Running the SpikeSorting#

To run the spike sorting, you will need to specify a start and stop time, as well as the experiment ID (fs#ID).

events_df = sorter.run_spike_sorting(
    start, start + timedelta(minutes=20), fs_id=EXP_NAME, electrode_nb=ELECTRODE
)

Plotting the results#

Plots reference#

The SpikeSorting provides several plots :

  • plot_clustered_spikes : Plot the average waveform of each cluster, with confidence intervals.

    • You may choose to show outliers or not using the show_outliers parameter.

  • plot_clustered_artifacts : Plot the average waveform of each artifact cluster, with confidence intervals.

  • plot_raw_spikes_for_cluster : Plot all the raw trace of a given cluster.

    • Provide a list of which clusters you wish to see plotted.

  • plot_raw_outlier_spikes : Plot all the raw trace of ALL the outliers or artifacts.
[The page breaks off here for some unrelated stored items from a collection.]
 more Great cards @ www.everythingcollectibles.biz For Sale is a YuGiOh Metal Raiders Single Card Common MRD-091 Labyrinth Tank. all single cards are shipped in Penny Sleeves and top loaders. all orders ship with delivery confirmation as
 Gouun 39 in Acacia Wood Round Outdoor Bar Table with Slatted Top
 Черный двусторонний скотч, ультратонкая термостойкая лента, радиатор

    • Provide a list of which clusters you wish to see plotted.

  • plot_spike_clustering_in_latent_space : Plot the clustering results in the latent space.
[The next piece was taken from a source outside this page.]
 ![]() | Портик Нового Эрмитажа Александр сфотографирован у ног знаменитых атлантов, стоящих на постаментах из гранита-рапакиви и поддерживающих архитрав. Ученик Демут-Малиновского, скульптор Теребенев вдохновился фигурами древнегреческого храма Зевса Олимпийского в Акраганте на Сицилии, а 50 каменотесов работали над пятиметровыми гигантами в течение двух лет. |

    • This will plot the first 3 components of the dimensionality reduction. If you have more components, the plot may be hard to interpret.

  • plot_explained_variance : Plot the explained variance of the PCA. Only available if PCA was used.

Example plots#

sorter.plot_clustered_spikes(show_outliers=False)
../_images/spike_sorting_clusters_lineplot.png

Fig. 6 Plot of the average waveform of each cluster, with confidence intervals.#

sorter.plot_spike_clustering_in_latent_space()
../_images/spike_sorting_latent_space_plot.png

Fig. 7 Plot of the clustering results in the latent space.#

sorter.plot_raw_spikes_for_cluster(0)
../_images/spike_sorting_raw_lineplot.png

Fig. 8 Plot of all the raw traces of a given cluster.#

Making your own plots#

You may also use some of the attributes of the SpikeSorting object to make your own plots :

  • raw_spikes_df : DataFrame containing the raw spikes, with clustering results.

  • processed_spike_events_df : DataFrame containing the spike events with clustering results.

  • dimred_method_spikes.fit_data_df : DataFrame containing the dimensionality reduction, with clustering results.

Hint

Make sure to copy those DataFrames before modifying them, as they are directly linked to the SpikeSorting object.